Make an exact transcript of the lines in the data below, starting with the one containing "このデザインの特徴:チーターパターン、チーター、チェリー" and going on through the one containing "Comparisons of the", with both included and the pictures left out.

* [Listed records]:
+-------+

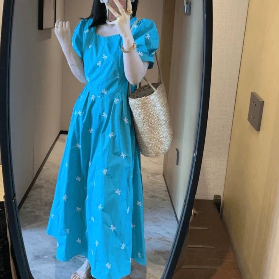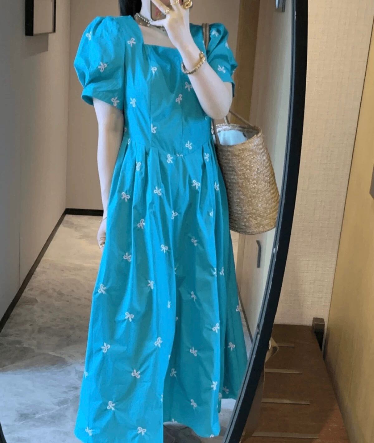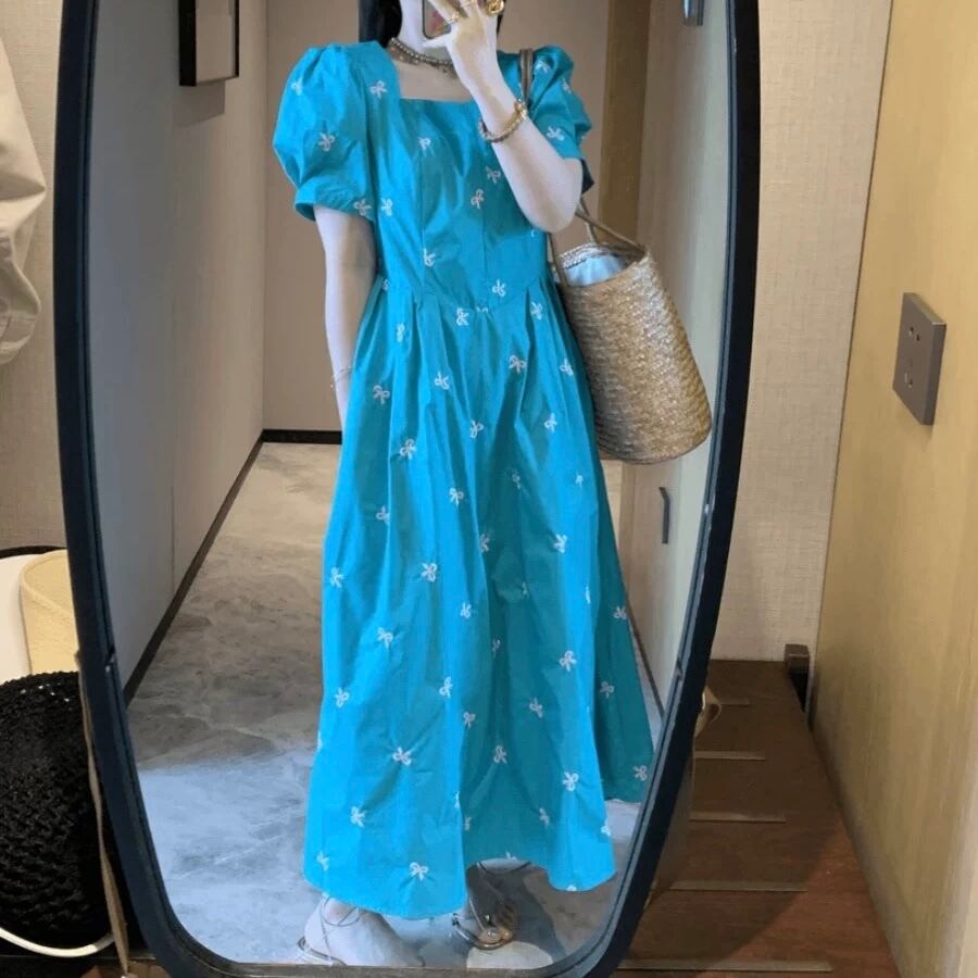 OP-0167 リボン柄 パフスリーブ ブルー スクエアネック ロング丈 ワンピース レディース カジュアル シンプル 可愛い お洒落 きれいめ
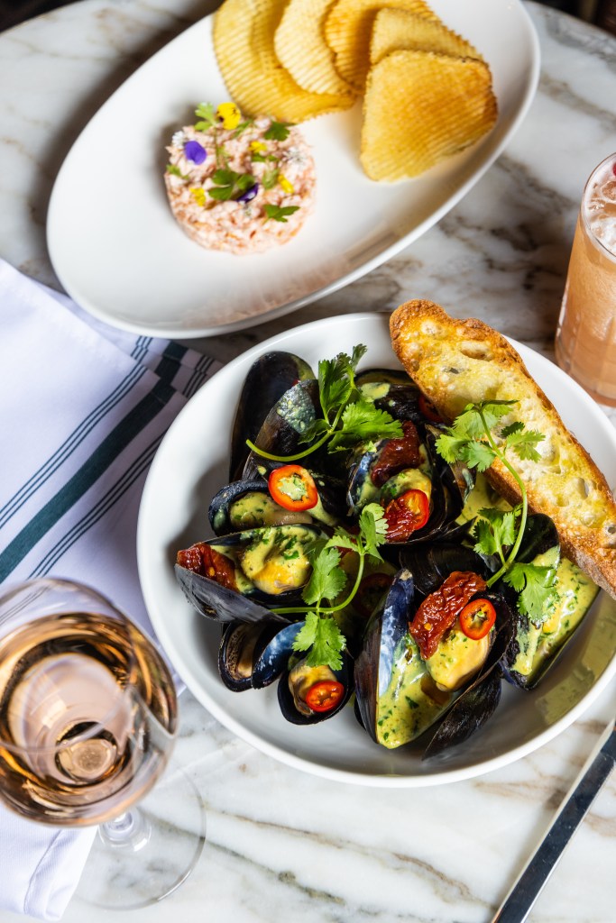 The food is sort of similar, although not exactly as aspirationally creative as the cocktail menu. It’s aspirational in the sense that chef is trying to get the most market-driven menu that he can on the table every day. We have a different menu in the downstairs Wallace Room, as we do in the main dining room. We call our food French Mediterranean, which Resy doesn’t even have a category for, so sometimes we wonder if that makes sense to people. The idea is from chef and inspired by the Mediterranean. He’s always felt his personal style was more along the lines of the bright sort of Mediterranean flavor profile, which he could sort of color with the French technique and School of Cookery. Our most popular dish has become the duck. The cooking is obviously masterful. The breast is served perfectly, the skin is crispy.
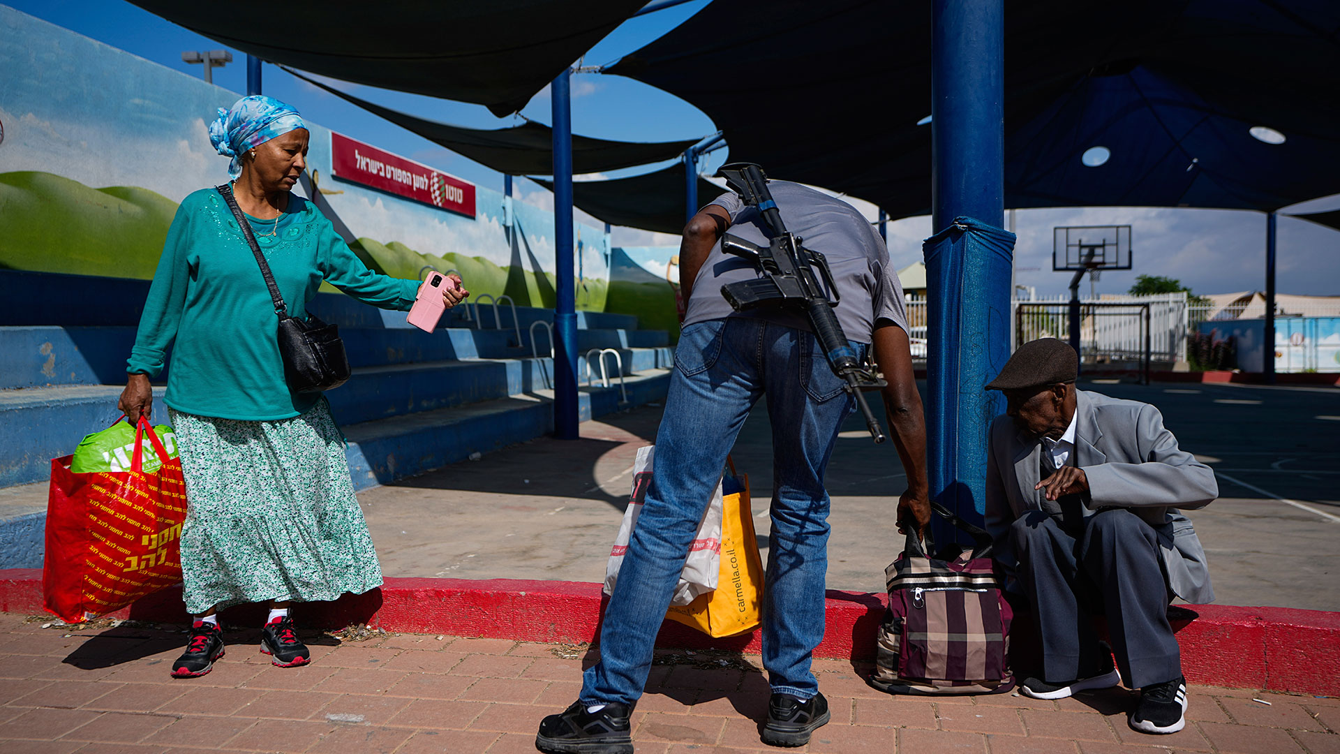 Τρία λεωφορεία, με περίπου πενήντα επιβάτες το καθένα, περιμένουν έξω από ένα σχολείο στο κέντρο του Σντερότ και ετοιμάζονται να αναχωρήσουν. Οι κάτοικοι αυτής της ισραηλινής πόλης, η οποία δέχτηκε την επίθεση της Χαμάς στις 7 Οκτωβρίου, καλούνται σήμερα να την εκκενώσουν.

+-------+

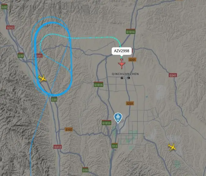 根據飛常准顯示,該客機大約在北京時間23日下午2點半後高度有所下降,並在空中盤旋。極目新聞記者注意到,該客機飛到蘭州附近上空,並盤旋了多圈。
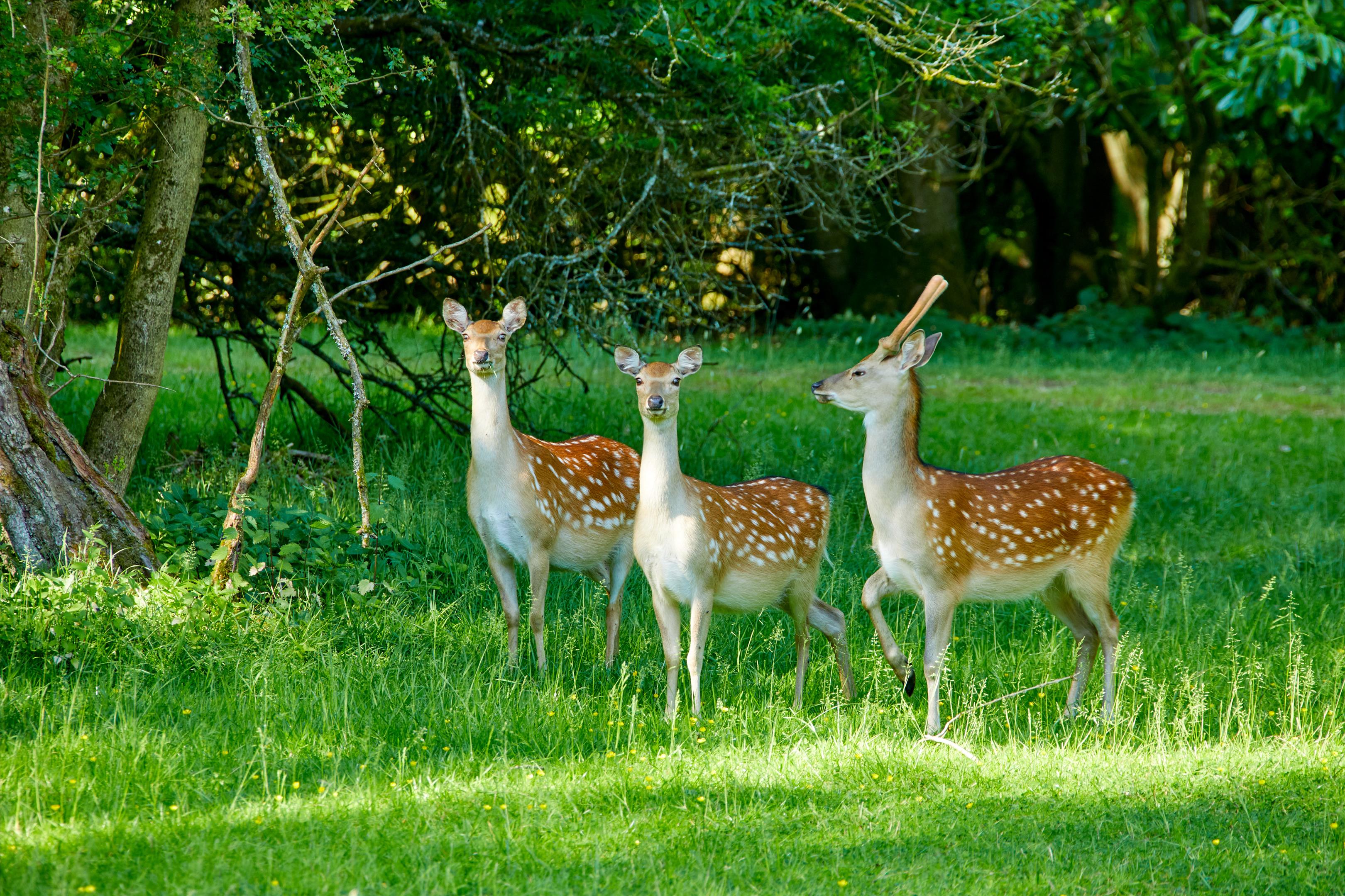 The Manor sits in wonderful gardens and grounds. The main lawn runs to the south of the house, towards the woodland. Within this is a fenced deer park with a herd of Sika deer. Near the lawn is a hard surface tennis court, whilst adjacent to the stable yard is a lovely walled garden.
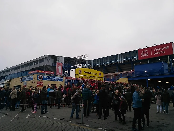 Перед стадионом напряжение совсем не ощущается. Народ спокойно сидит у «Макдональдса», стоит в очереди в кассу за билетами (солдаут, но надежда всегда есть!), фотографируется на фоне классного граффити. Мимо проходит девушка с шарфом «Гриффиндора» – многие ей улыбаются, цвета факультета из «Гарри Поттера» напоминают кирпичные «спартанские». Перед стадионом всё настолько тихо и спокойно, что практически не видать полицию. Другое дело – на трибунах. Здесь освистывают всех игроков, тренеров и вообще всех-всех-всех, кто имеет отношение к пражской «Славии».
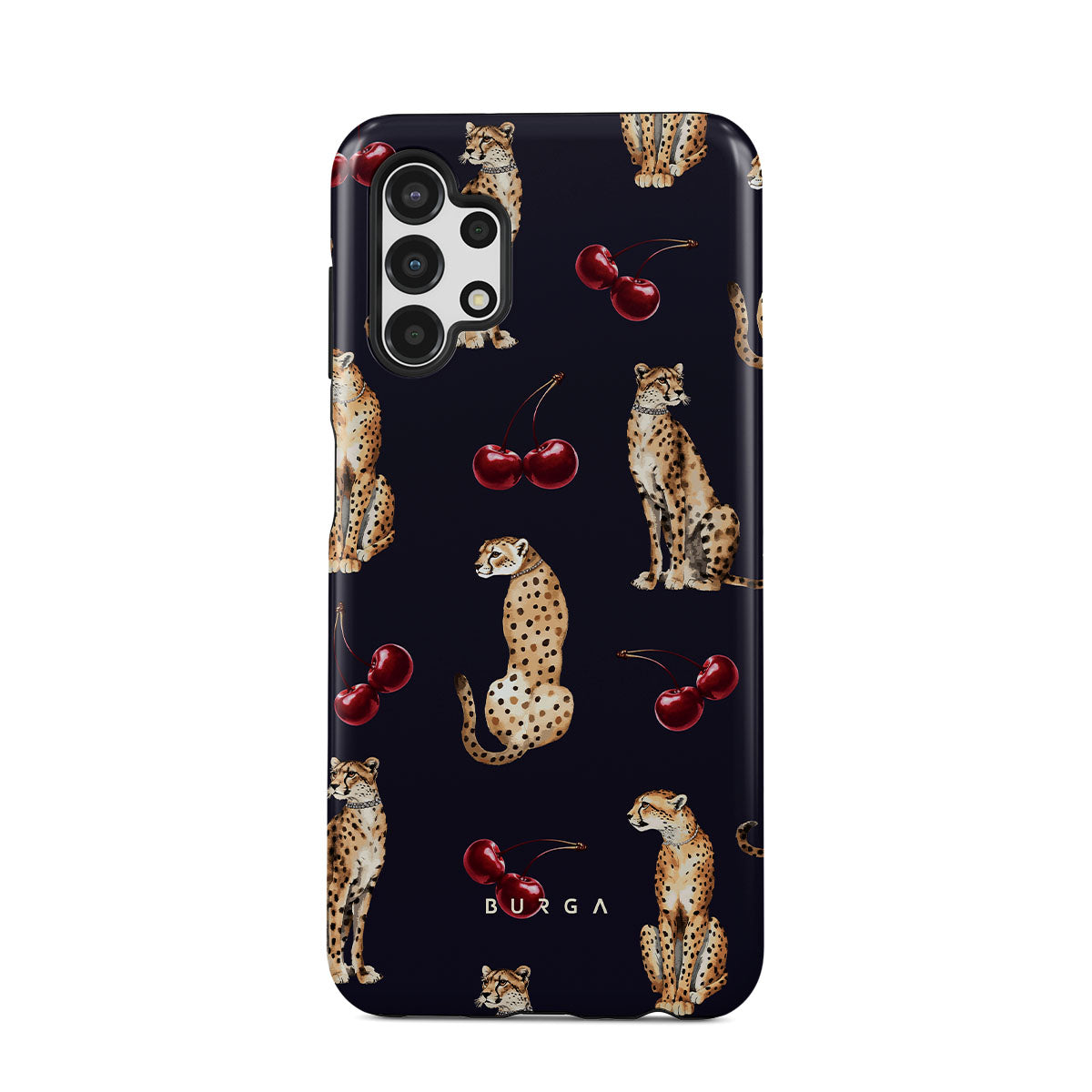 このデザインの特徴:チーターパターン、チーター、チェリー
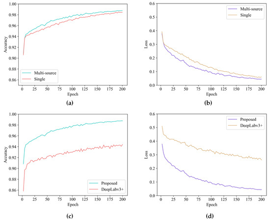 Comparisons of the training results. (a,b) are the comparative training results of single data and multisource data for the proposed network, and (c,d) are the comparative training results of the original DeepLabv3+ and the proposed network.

+-------+

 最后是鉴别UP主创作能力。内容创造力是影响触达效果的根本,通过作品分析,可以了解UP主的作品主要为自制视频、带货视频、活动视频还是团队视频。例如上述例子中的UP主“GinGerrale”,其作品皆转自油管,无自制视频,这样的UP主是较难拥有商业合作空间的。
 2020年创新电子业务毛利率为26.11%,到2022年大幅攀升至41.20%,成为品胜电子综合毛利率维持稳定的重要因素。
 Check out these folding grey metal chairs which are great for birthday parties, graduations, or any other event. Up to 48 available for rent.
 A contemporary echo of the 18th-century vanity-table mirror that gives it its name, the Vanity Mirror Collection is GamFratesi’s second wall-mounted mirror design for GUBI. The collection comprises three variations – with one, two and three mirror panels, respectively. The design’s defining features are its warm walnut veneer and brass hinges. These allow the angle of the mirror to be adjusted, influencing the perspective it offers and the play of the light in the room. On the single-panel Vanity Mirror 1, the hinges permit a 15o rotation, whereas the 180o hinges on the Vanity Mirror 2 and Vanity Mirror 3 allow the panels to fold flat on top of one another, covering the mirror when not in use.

+-------+

* [Final answer]:
 このデザインの特徴:チーターパターン、チーター、チェリー
 Comparisons of the training results. (a,b) are the comparative training results of single data and multisource data for the proposed network, and (c,d) are the comparative training results of the original DeepLabv3+ and the proposed network.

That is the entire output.